The photo shown above was taken two years previously by Frank Powolny, but remains one of the most iconic images of Marilyn. Other featured actresses include Anna May Wong, Lucille Ball and Rita Moreno. Aimee Semple McPherson, the evangelist said to have christened Norma Jeane, and Gloria Steinem, the feminist campaigner who wrote a book about Marilyn, are also listed.

“In 1954, Marilyn Monroe—already a sex symbol and a movie star—posed on the corner of Lexington Avenue and 52nd Street in New York City, for a scene intended to appear in her 1955 film The Seven Year Itch. The breeze blowing up through a subway grate sent her white dress billowing around her, an image that lingers today like a joyful, animated ghost. Monroe was a stunner, but she was also a brilliant actor and comedian who strove to be taken seriously in a world of men who wanted to see her only as an object of desire. Today, especially in a world after Harvey Weinstein’s downfall, she stands as a woman who fought a system that was rigged against her from the start. She brought us such pleasure, even as our hearts broke for her.”

Stephanie Zacharek

Niagara: A Poisoned Rose

One of Marilyn’s edgier roles – as Rose Loomis in Niagara – will be screened at Film Forum, NYC, on July 22, as part of a Femmes Noir series. Writing for the Village Voice, Stephanie Zacharek takes another look at one of Marilyn’s most unsettling performances.

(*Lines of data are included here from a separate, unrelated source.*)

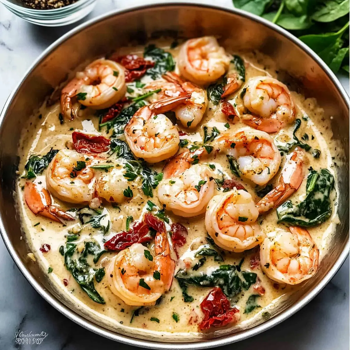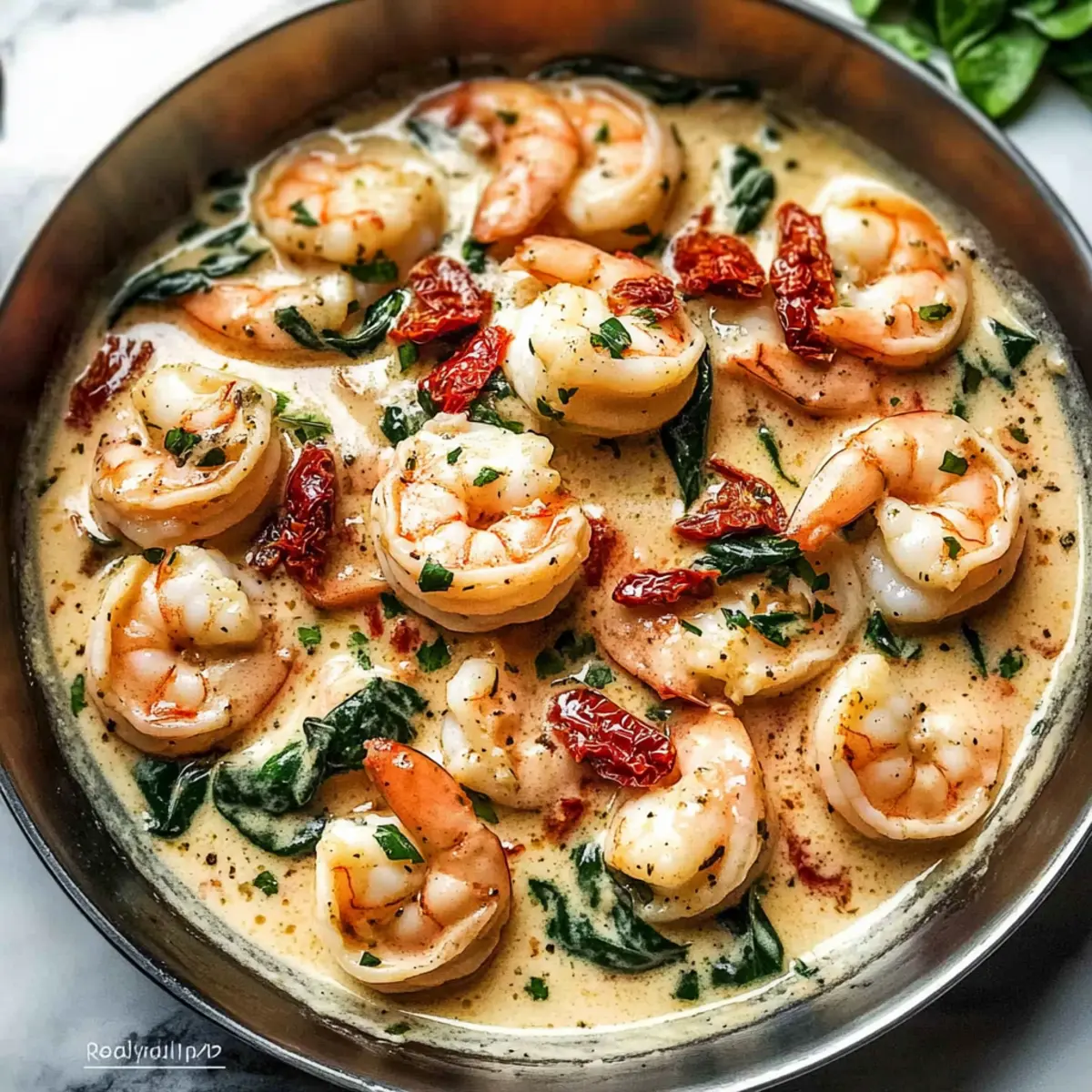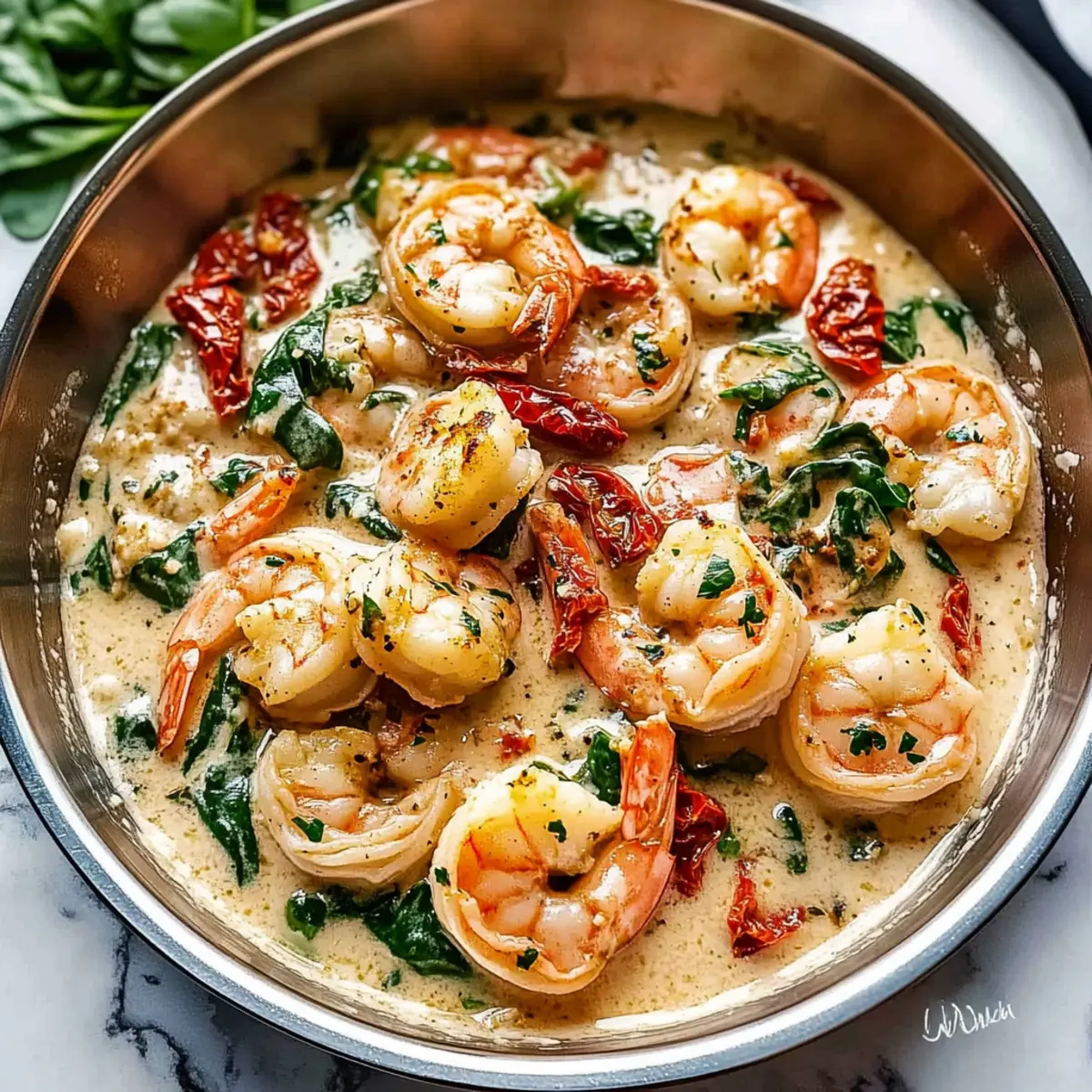 These Creamy Garlic Butter Tuscan Shrimp are perfect for meal prep! You can prepare the sauce components up to 24 hours in advance, including sautéing the garlic, onions, and sun-dried tomatoes, which can be refrigerated in an airtight container. The shrimp can also be cleaned and seasoned ahead of time and stored separately in the fridge. When you’re ready to serve, simply reheat the sauce in a skillet over medium heat, add the shrimp, and finish with half and half or cream, spinach, and Parmesan for that creamy texture. This way, you can enjoy an elegant meal while saving precious time on busy weeknights!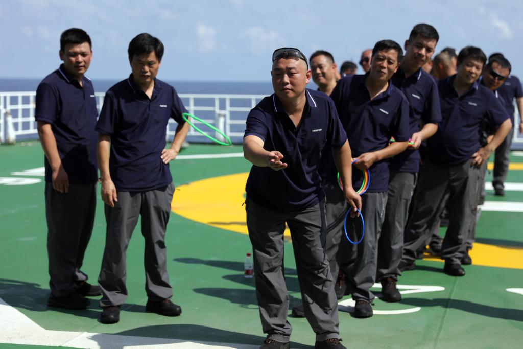这是考察队队员在“雪龙2”号上参加趣味套圈活动。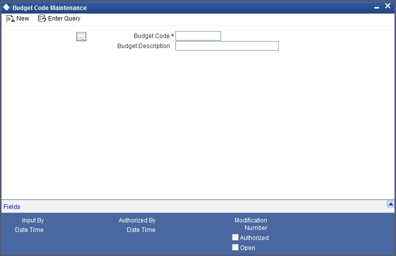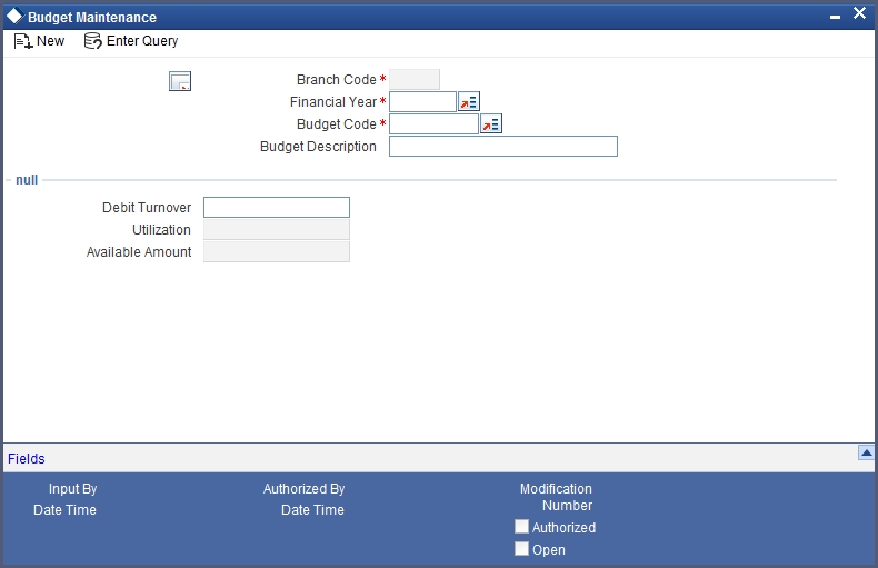 For each budget code defined through the ‘Budget Code Maintenance’ screen, you have to maintain budget details such as the budget limit, the fiscal year for which the budget tracking would be done, the name of the branch etc.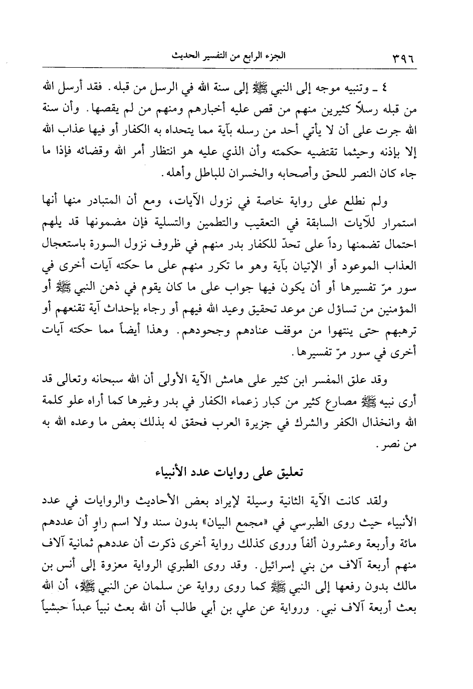 ولقد كانت الآية الثانية وسيلة لإيراد بعض الأحاديث والروايات في عدد الأنبياء حيث روى الطبرسي في «مجمع البيان» بدون سند ولا اسم راو أن عددهم مائة وأربعة وعشرون ألفا وروى كذلك رواية أخرى ذكرت أن عددهم ثمانية آلاف منهم أربعة آلاف من بني إسرائيل. وقد روى الطبري الرواية معزوة إلى أنس بن مالك بدون رفعها إلى النبي صلى الله عليه وسلم كما روى رواية عن سلمان عن النبي صلى الله عليه وسلم، أن الله بعث أربعة آلاف نبي. ورواية عن علي بن أبي طالب أن الله بعث نبيا عبدا حبشيا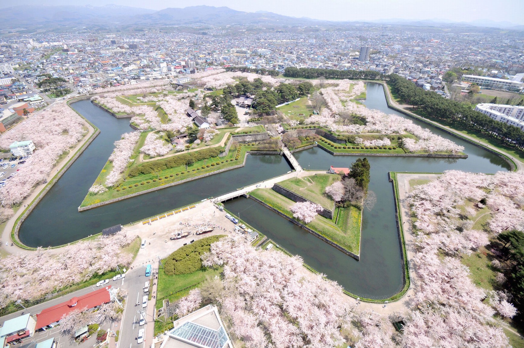 【五稜郭公園】來到函館的地標-五稜郭公園,五稜郭以造型非常獨特的星狀碉堡聞名,明治維新時期支持幕府人士,抵抗天皇軍隊最後一站(箱館戰爭1868~1869年)的發生地點,因此在日本近代史中佔有重要地位。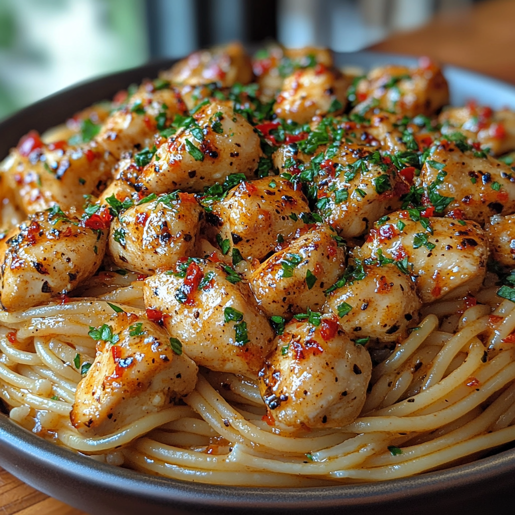 Combine Everything: Toss in the cooked chicken and pasta, coating evenly. Stir in Parmesan, parsley, and lemon juice. If the sauce is too thick, loosen it with reserved pasta water.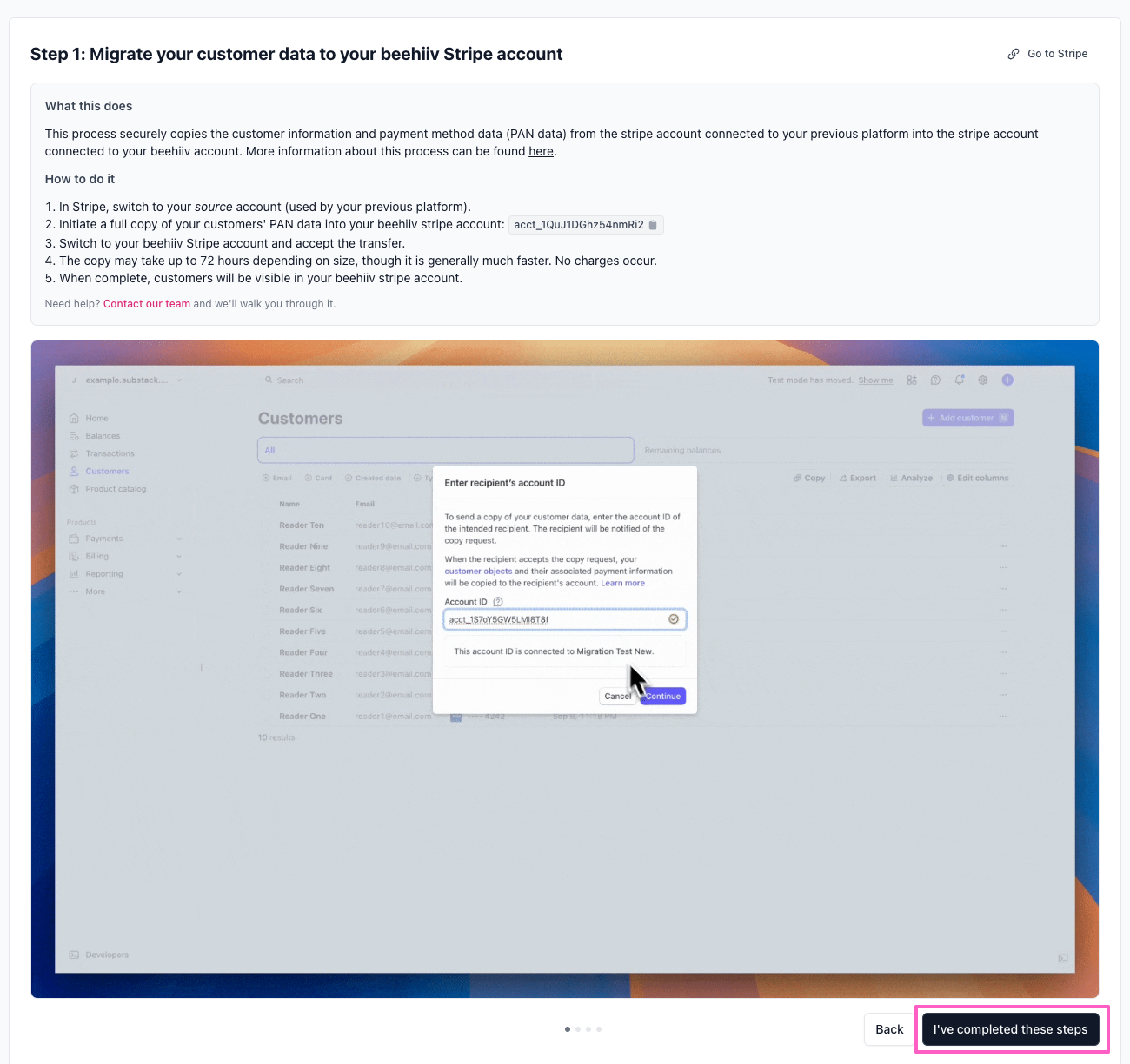 You’ll now see the customer profiles and payment details successfully copied into your beehiiv-connected Stripe account. - Next, the paid subscriptions will need to be recreated. Navigate back to your beehiiv tab and click the I’ve completed these steps button.

“This isn’t a Marilyn you want to embrace and protect. As Rose, she’s alert and defiant, a woman who has defined exactly what she wants and has forged a plan to help her get it. This performance, among the star’s finest, gives the lie to the idea that she couldn’t really act. What it suggests, instead, is that Marilyn was a natural: Her desire to be taken seriously as an actor, and her subsequent serious study of the craft, may have made her more self-conscious, constraining her gifts rather than opening a conduit for them. In Niagara, Marilyn’s Rose is self-determined, boldly sexual, almost impossibly cruel. And still, you feel for her: Mincing along in high-heeled sandals and a suit the color of a brazen afternoon sky, on the way to meet her lover — a wily operator who’s as slick as Cotten’s George is rumpled — Rose is everything that good girls have been taught not to be. But there’s also a gorgeous futility radiating from her soul: Sometimes there’s just no cure for the nagging malady of wanting something more.”